PAVs between the A and B genomes of S. matsudana were initially identified by ppsPCP24 software, further verified by searching for PAV sequences in the reference genome, and finally confirmed by comparing the PAVs with queries. The results indicated that the number of PAV mutation-related genes in the A genome compared with the B genome was 19,841, while the number of PAV mutation-related genes in the B genome compared with the A genome was 12,246. GO enrichment analysis of the genes with PAVs between the A and B genomes suggested that the functions of these genes were consistent in rank between the A and B genomes in terms of biological process, cellular component, and molecular function (Supplementary Table S8 and Supplementary Fig. S5). For example, most of the genes with PAVs, i.e., 3693 in the A genome and 4231 in the B genome, were annotated as being associated with the metabolic process function in the biological process category, accounting for 54.28% and 55.66% of the total genes in the corresponding A and B genomes, respectively.
KEGG enrichment analysis of the genes with PAVs between the A and B genomes suggested that nine of the top ten significantly enriched pathways were different between the A and B genomes. The most enriched pathways were the pyruvate metabolic pathway, and the starch and sucrose metabolic pathway in the A and B genomes, with 40 and 100 genes annotated, respectively (Supplementary Fig. S6).
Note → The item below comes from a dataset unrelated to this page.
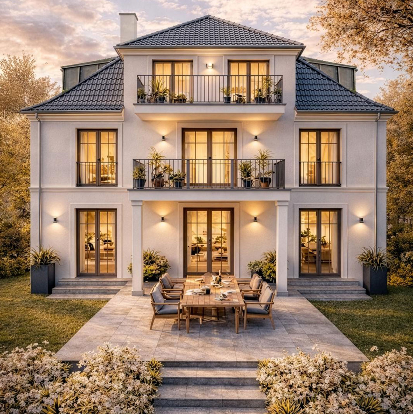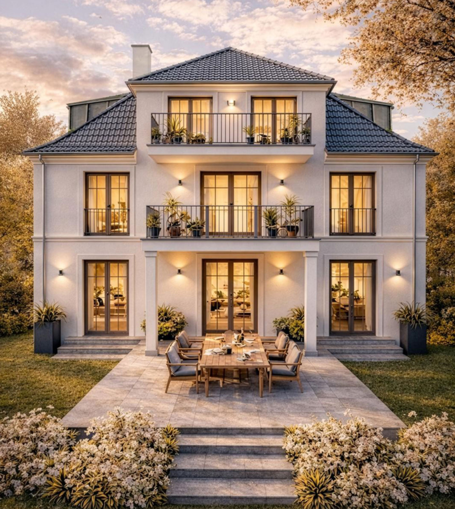 Ein intelligentes KNX-BUS-System ermöglicht die komfortable Steuerung von Licht, Heizung, Beschattung und weiteren Funktionen, während eine Alarmanlage für ein hohes Maß an Sicherheit sorgt. Der Außenbereich ist ein echtes Highlight: Eine großzügige Terrasse und ein Balkon laden zum Entspannen und Genießen ein – perfekt als private Rückzugsorte oder für repräsentative Anlässe.

Significant differences between the A and B genomes suggested their varying roles in regulating basal metabolism.
Genome differentiation of willow
A phylogenetic tree was constructed according to the single-copy protein sequences in the five tree species in Salicaceae and the differentiation time of Salicaceae13. The differentiation time of the two shrub willows was ~13.3 MYA, while the differentiation of the original species conferring the A and B genomes to S. matsudana started ~25.2 MYA (Supplementary Fig. S7).
Discussion
Ploidy analysis of willow chromosomes
Willows, the generic term for landscaping and energy tree species in Salicaceae, are variable in terms of chromosome ploidy, from 2n = 38 to 12n = 228 (refs. 8,9). Most shrub willows are diploid, with a genome size of ~400 Mb. For instance, the genome sizes of Salix triandra L. (ref. 25) and S. suchowensis Cheng13,26. are 386 and 425 Mb, respectively. Arbor willows are mainly allopolyploid10,11,12, with a genome size of >650 Mb. For example, the genome sizes of Salix babylonica L. (ref. 27) and Salix alba L. (ref. 25) are 748 and 807 Mb, respectively. S. matsudana is a tetraploid species28. A previous study by our group estimated that the genome size of S. matsudana was ~670 Mb by flow cytometry29. In this study, the genome size of this species was 656 Mb (Table 1), which was in accordance with the size in the previous study.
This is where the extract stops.